> [WHAT NEEDS TO BE DONE]:
Retype, word for word, only the lines from the one containing "1983 Zenith The" through the last line of the listing below. Pictures do not belong in the result.

> [DATASET CONTENT]:
┄┄┄┄┄┄┄┄┄┄┄┄┄┄┄┄┄┄┄┄

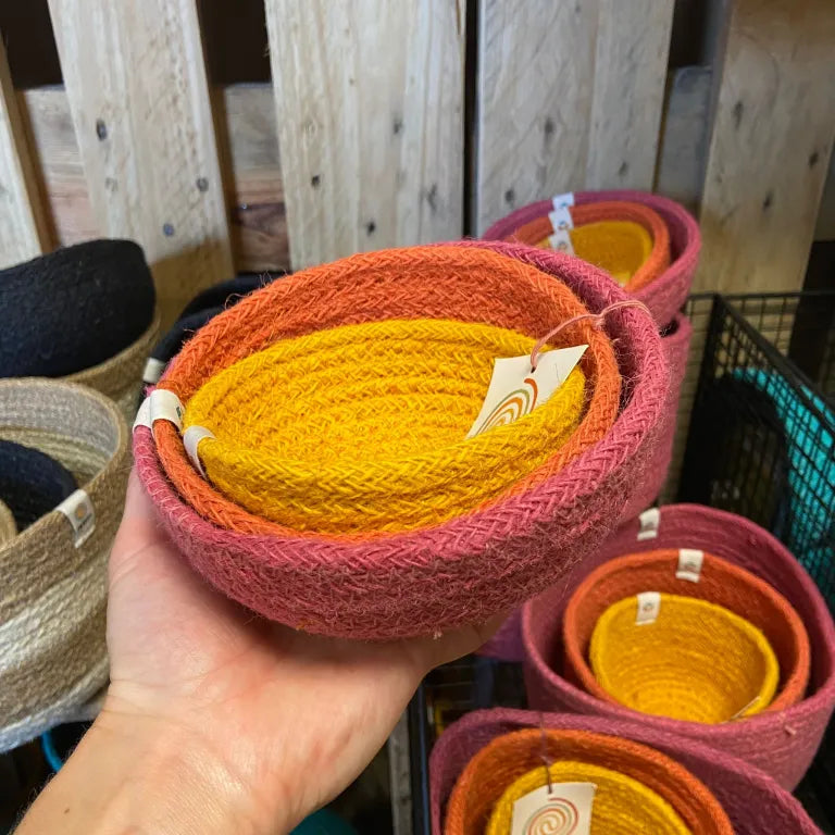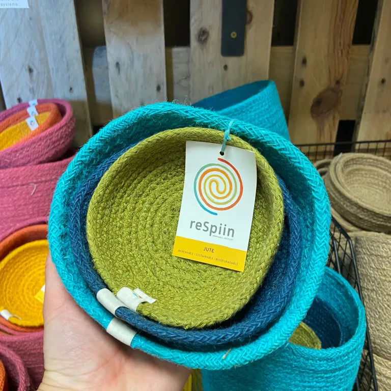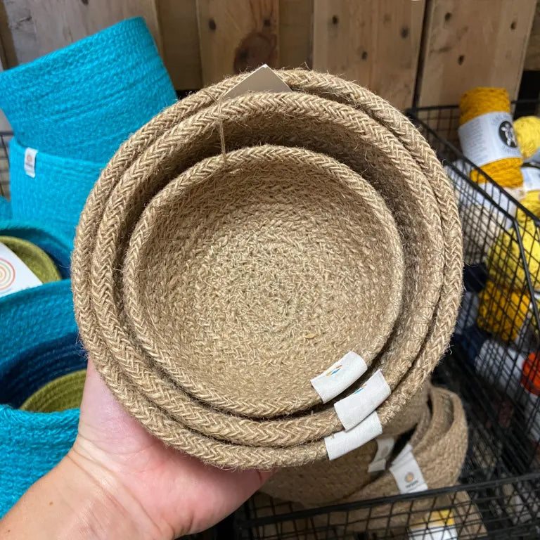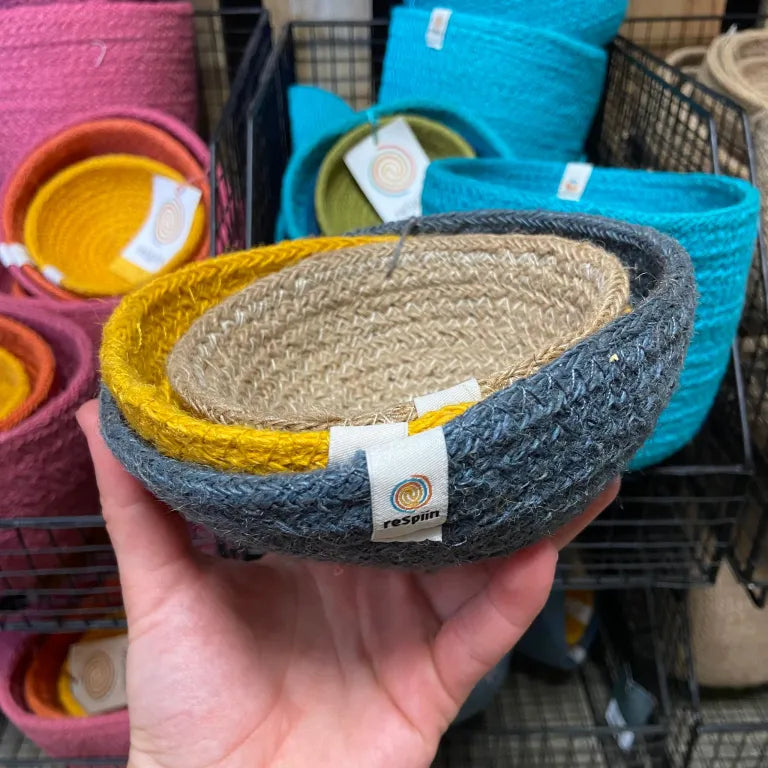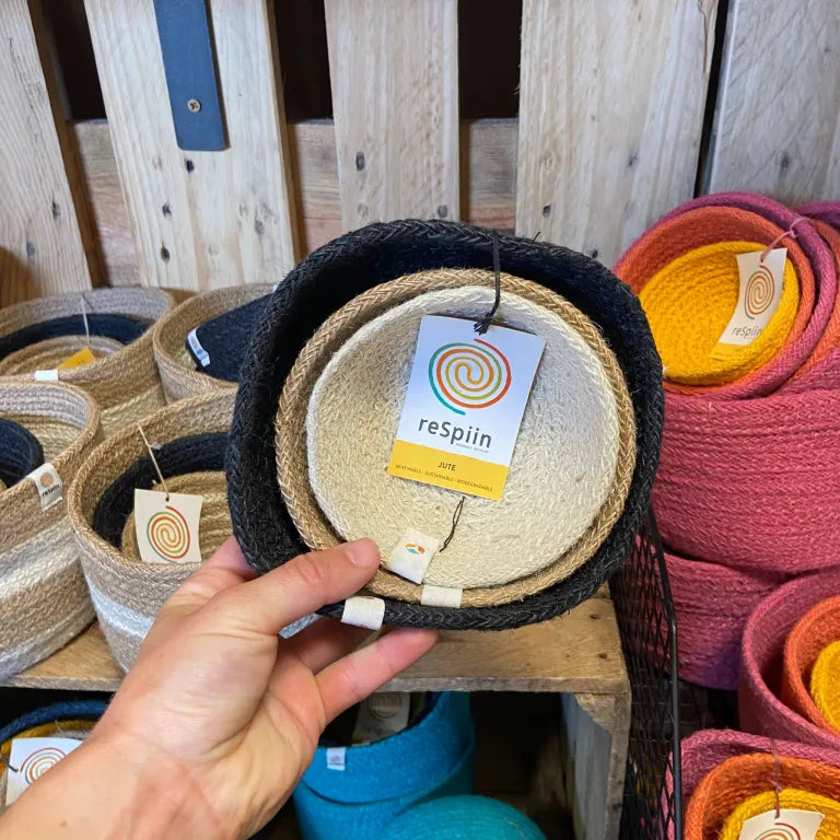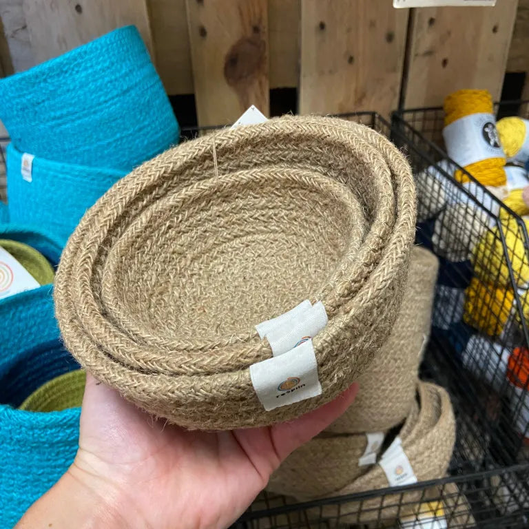 This set of three natural nesting storage bowls are woven by hand from renewable and sustainable jute fibres and feature a little fabric ReSpiin label stitched onto the rim.
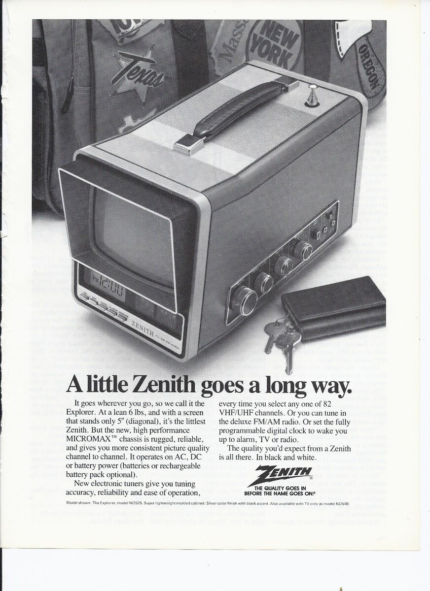 1983 Zenith The Explorer Portable TV and Radio Print Ad Vintage 8.5" x 11"
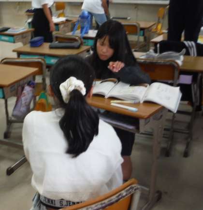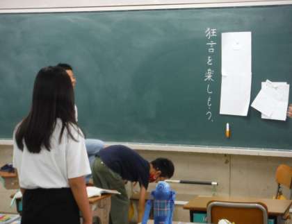国語の学習の様子です。狂言「柿山伏」をどのように表現するかをグループごとに考え、練習していました。

┄┄┄┄┄┄┄┄┄┄┄┄┄┄┄┄┄┄┄┄

> [TASK OUTPUT]:
 1983 Zenith The Explorer Portable TV and Radio Print Ad Vintage 8.5" x 11"
国語の学習の様子です。狂言「柿山伏」をどのように表現するかをグループごとに考え、練習していました。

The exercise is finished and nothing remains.